Sunifiram is a popular and fairly new nootropic that belongs to the “ampakines” family. While most reports have led to consistent and positive results, many ampakines haven’t still been thoroughly studied.

Some clinical tests in animals have been done to study the effects of sunifiram. These tests have revealed positive effects associated with this nootropic’s use. However, there is a need of more thorough studies to determine its safety. Based on the limited studies, sunifiram seems to be well tolerated, but its long-term profile isn’t known yet.

Unlike most racetams that work mainly as cholinergic compounds, substances like sunifiram and unifiram work to attach themselves while stimulating the glutamate and AMPA receptors.

What Causes Glutamate Excitotoxicity?

Glutamate excitotoxicity results from an excess of glutamate in the body cells. As glutamate builds up in the cell, calcium ions are released. This in turn leads to the activation of enzymes, thereby damaging the cell.

Excitoxicity may result from a number of different factors. In fact, glutamate may act as an excitotoxin in your body. Glutamic acid is associated with glutamate and is commonly present as monosodium glutamate (MSG). MSG is a hazardous food additive used for improving taste and inducing a feeling of “fullness”, which becomes excitotoxic when taken in high doses.

Some studies have also shown that excitoxicity can be a consequence of brain damage. On the contrary, glutamate agonists are also associated with excitotoxicity. Agonists such as kainic acid and NDMA become excitotoxic when taken in high doses. Other factors like alcohol withdrawal can also cause excitotoxicity. This happens when the NMDA receptors get excessively agonized during the process.

Ampakines And Excitotoxicity

Most ampakines aren’t similar to glutamate agonists in terms of their method of action. Glutamate agonists tend to mimic glutamate’s properties for receptor-activation, which is what leads to excitoxicity. On the other contrary, most ampakines like sunifiram and unifiram tend to slow down this receptor activation. By slowing down the receptor currents, ampakines slow down the entire mechanism of AMPA receptor activation. In doing so, ampakines achieve the goal of improving memory as well as cognitive functioning.

It is important to note that the effects of these nootropics vary from study to study and ampakine to ampakine. This simply means that every ampakine has its own unique method of action. Some ampakines may show predominance in different regions of the brain, which is why, there’s a crucial need of thorough studies on the safety of each ampakine.

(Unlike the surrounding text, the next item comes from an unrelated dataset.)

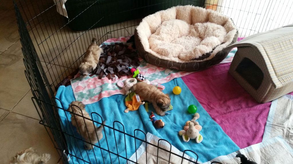 Die kleinen Sonntagsfellnasen sind nun 6 Woche jung und alle haben ihre neue Familie bereits gefunden. Ihr Gewicht haben sie auf 950 - 1180 Gramm gebracht. Damit liegen sie in ihrer Entwicklung genau richtig. Sie haben ihre Augen und Ohren geöffnet und es brechen die Milchzähne durch. Es wird miteinander gespielt und auch Dexter unser kleiner Rüde beginnt ihnen alles mögliche, natürlich auch Schabernack, bei zu bringen. Dazu sind die kleinen Rangen in ihren großen Stubenauslauf umgezogen.
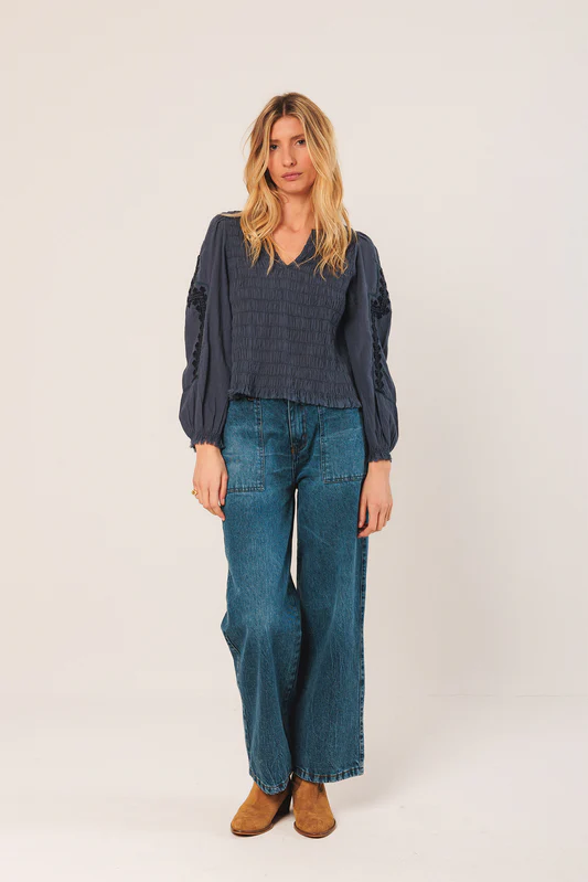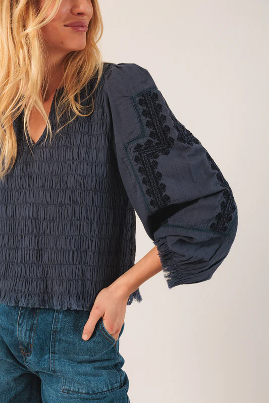 • Ethnic embroidery on the sleeves and finished on bottom hem and cuffs with frayed trim

Some studies have shown that ampakines like sunifiram may play an active role in preventing against the excitotoxicity induced by these substances themselves. Although it has been observed that the AMPA receptor’s intense activation causes this excitoxicity, activation results in the transduction of defensive protein kinases as well. Some studies have revealed that the activation of certain protein kinases may help in offering protection against neurotoxicity. This means, if certain ampakines are able to affect the kinases pathways, they may actually serve as neuroprotective substances.

So, What Can Be Concluded?

Based on past studies, it can be concluded that ampakines like sunifiram and unifiram are safe to use. But, it’s equally important to realize that these substances carry some risks. Science may help in getting a better understanding of glutamatergic transmission, which is why, it is best to use these nootropics with care while making sure that you don’t go beyond the recommended dosage.

Lastly, be cautious while using ampakines in combination with other substances. Just because a new nootropic seems to be safe by itself, doesn’t mean it will not become toxic when used in combinations. In fact, certain ampakines may enhance their excitotoxicity when combined with other substances.